Joshin’etsu Kogen National Park
Nagano is known for its countryside pursuits and a region best seen from the serenity of its mountainous landscape. Snow hiking is widespread, yet long walks are equally thrilling in any season. For nature lovers, a place where you can observe the ecology of Japanese macaques up close, surrounded by stunning mountains when snow-capped look even more majestic – Joshin’etsu Kogen National Park. Stretching across Nagano is Japan’s fourth-largest national park, formed by volcanic activity millions of years ago. Filled with hiking routes and rock climbing for summer, in the winter, the Shiga Kogen highlands are renowned for their skiing and snow sports.
Jigokudani Monkey Park and Nagano snow monkeys
Many travel here for the Jigokudani Snow Monkey Park, nestled in a valley by the Yokoyu River. On a tranquil walk through the pine forests, you’ll reach the waterside, home to many wild Nagano snow monkeys or Japanese macaques. During winter, you’ll see them basking in the warmth of the hot springs this part of Nagano is famous for.
Where to stay in Nagano
Although thoroughly modern these hotels are inspired by ryokans, traditional Japanese inns that typically feature tatami-matted rooms, communal baths and lounges where guests relax in yukata – casual, often colourful, Japanese kimonos. This style of Nagano accommodation will allow you to become more immersed within the destination.
Ryokan Aburaya Tousen
An overnight stay in Yudanaka at Aburaya Tousen brings the charm of classic Japanese inns of the past. With the added bliss of an in-house onsen to relax and revive. Book one of the rooms with a private onsen bath on your balcony with magnificent views of Shinshu Mountains and the Yomase River. Your very own open-air deep tub has 39-degree water fresh from the hillside and an outside shower.
Rooms come either traditional in form with a futon bed or opt for one of the rooms with western beds. On the hotel’s seventh floor is the communal onsen for guests with several large open-air baths overlooking the town, boasting more of the natural hot spring waters to tantalise the senses. A sauna and spa room for massage treatments are also on hand.

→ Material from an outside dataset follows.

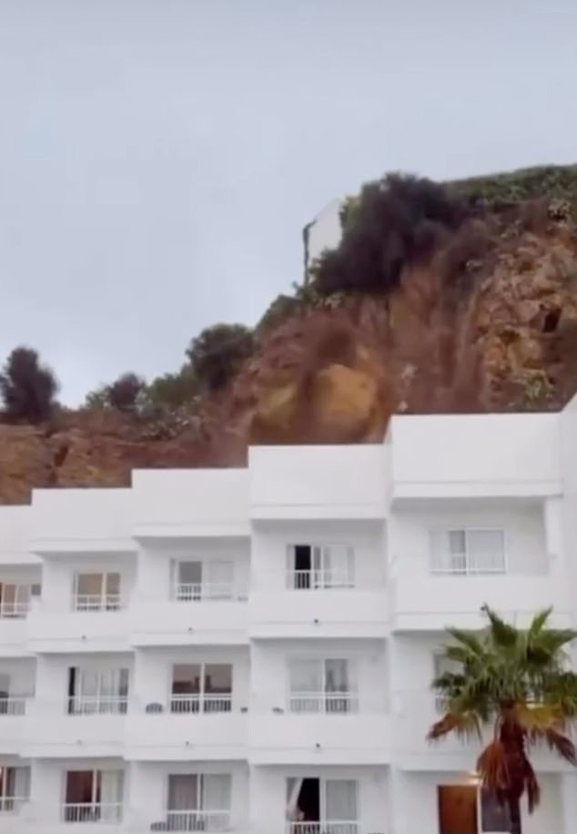In dramatic footage, rocks can be seen crashing down on the hotel in Ibiza as the island continues to experience extreme weather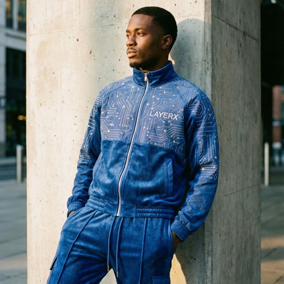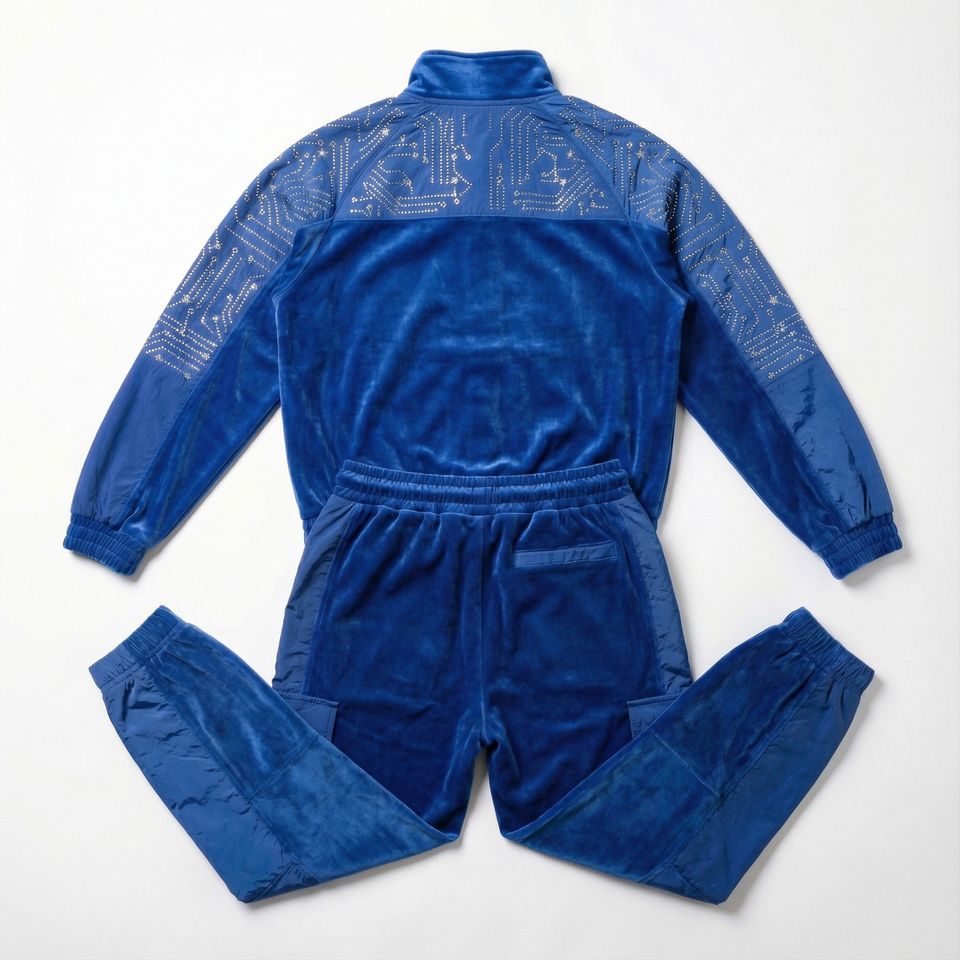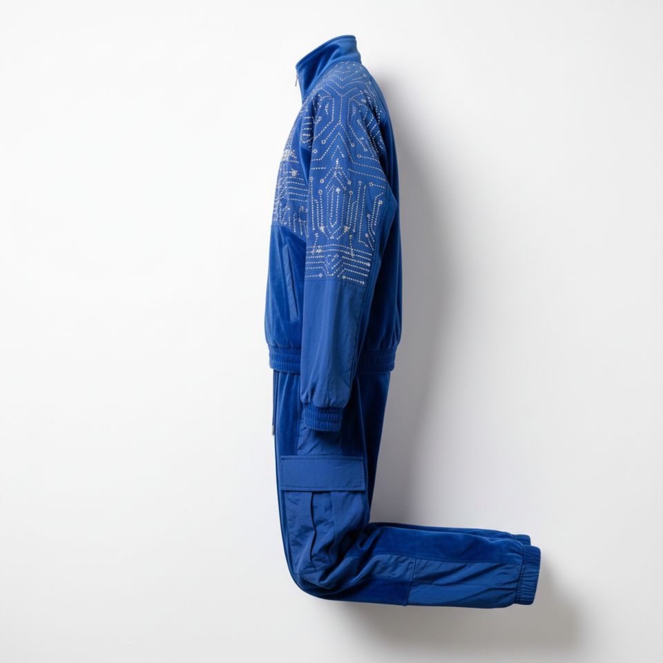 Ensemble deux pièces streetwear homme Y2K en nylon/coton épais délavé, imprimé bleu, orné de strass, style technique et éco-responsable

Hiramatsu Karuizawa Miyota
The newest luxury hotel in Nagano, and the new flagship property for Hiramatsu, a group of luxury ryokans, Hiramatsu Karuizawa Miyota evolved from the celebrated French restaurant in Tokyo.
Opened in May 2021, and just 10 kilometres from Honmachi Machiyakan, its leafy surrounds and private onsen bathtubs make for the perfect escape. It’s five-star luxury inland, with French-inspired fine dining at its core. Via a menu crafted by Bocuse-trained chef Akio Yanagihara, a veteran of several Hiramatsu restaurants in Tokyo and Paris. On the plate he delves into the rich produce of Nagano’s Shinshu region to craft Japanese-French fusion.
Watch: Hiramatsu Miyota
With only 34 rooms (including nine villa suites) that feature a private balcony with garden views. And boast semi-open-air hot spring baths filled with mineral-rich waters from the onsen town of Ueda. Its mountain-side locale is also within easy reach of the Usui Pass Railway Heritage Park, less than 30 minutes drive by car.
How to get to Nagano from Tokyo
Nagano town is easily reached from Tokyo by Hokuriku Shinkansen (bullet train) in only 1.5 hours.